About half-past eleven, as near as he could guess, Kit told me, one of the guards yelled out "Indians!" and ran the mules that were grazing near, into the corral, while the entire company turned out of their blankets on the report of a rifle on the midnight air coming from the direction of the Rock.

In a few minutes young Kit came running down toward the corral, where the men had collected, and Col. St. Vrain asked him if he had seen any Indians.

THE TRAIN AT PAWNEE ROCK.

"Yes," replied Kit, "I killed one of the red devils—I saw him fall."

There was no further disturbance that night; it proved to be a false alarm; so all who were not standing guard that night were soon peacefully sleeping again.

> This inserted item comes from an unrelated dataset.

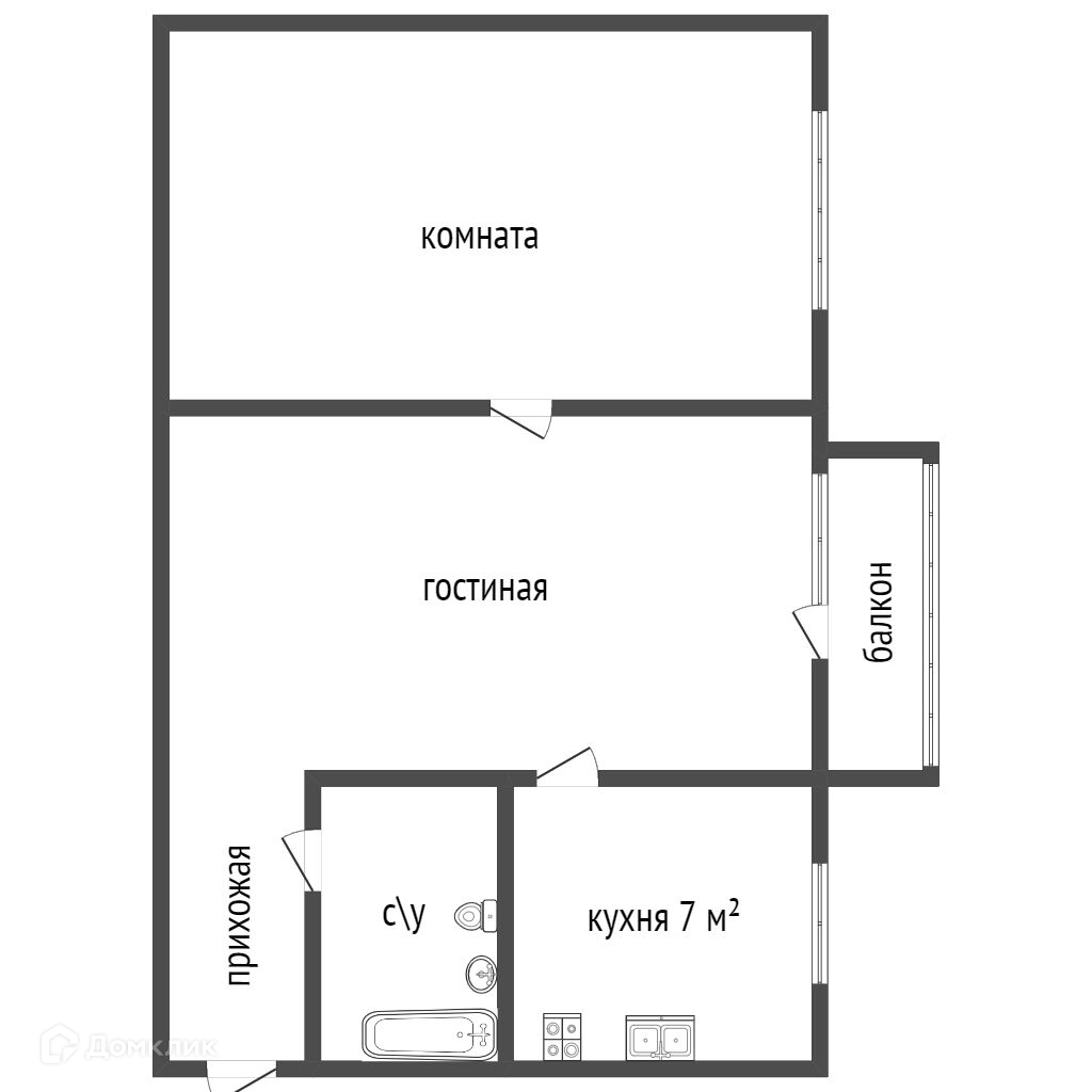Общая площадь 43 м2

The next morning at the first streak of day, every one was up and anxious to see young Carson's dead Indian. They went out en masse to the Rock, when instead of finding a painted Pawnee, they discovered Kit's riding-mule, dead—shot through the head.

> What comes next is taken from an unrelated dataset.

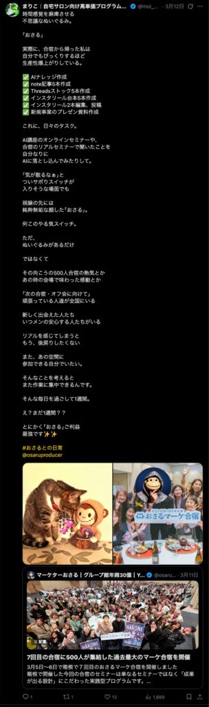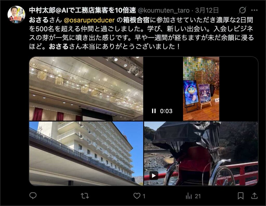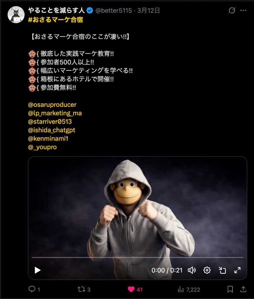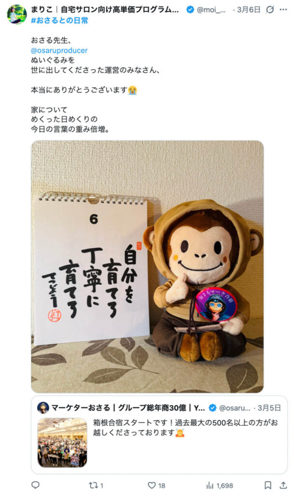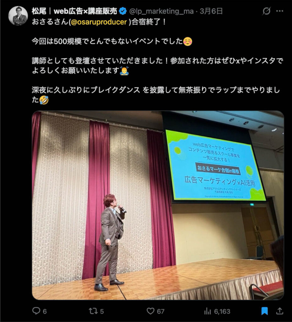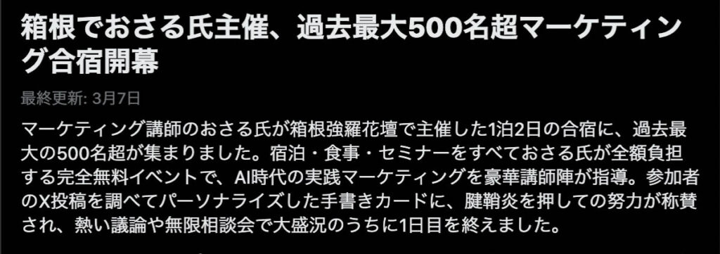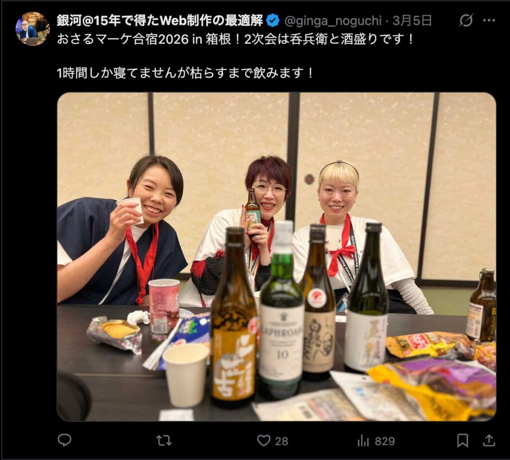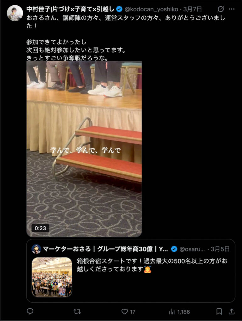 2026年3月5日-6日にかけて、箱根にて、おさるマーケ講座の合宿を開催しました。今回は過去最大規模の500名近い受講生を無料招待しました。

The boy felt terribly mortified over his ridiculous blunder, and it was a long time before he heard the last of his midnight shot at his mule.

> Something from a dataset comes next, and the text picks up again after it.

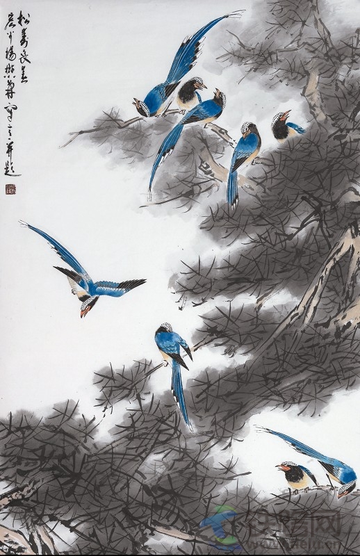 1992年楊懋森應(yīng)邀創(chuàng)作的 《春光爛漫圖》在天安門城樓上亮展;1985年創(chuàng)作的 《雙壽圖》參加中國(guó)美協(xié)、中國(guó)書協(xié)聯(lián)展獲二等獎(jiǎng);2006年應(yīng)邀在韓國(guó)首爾舉辦了楊懋森中國(guó)花鳥畫個(gè)人展;由孫其峰題款的 《楊懋森花鳥作品集》一經(jīng)出版發(fā)行便好評(píng)如潮;2013年其以髦耋之年創(chuàng)作的橫3.5米、縱1.45米的巨幅力作 《百鳥朝鳳圖》更是令人拍案叫絕。畫面里工中有寫,寫中有工,讓觀者感受到百鳥舞天地的大美生命氣象。

He explained to me the circumstances: He had not slept any the previous night, and he had watched so earnestly for a chance to kill a Pawnee that he supposed he must have fallen asleep leaning against the face of the Rock; "but I was wide enough awake to hear the cry of 'Indians!'" said he. "I had picketed my mule about twenty steps from where I stood, and I suppose it had been lying down. All I know is that the first thing I saw after the alarm was something rising up out of the grass. I thought sure it was an Indian; I took aim, and pulled the trigger. It was a center shot; I don't believe that mule kicked once after he was hit!"

In the morning, a few minutes after the men had returned from a visit to Kit's dead mule, a real battle commenced. The Pawnees attacked the camp in earnest, and kept the little outfit busy all that day, the next night, and till the following night—nearly three whole days, the animals all that time shut up in the corral without food or water.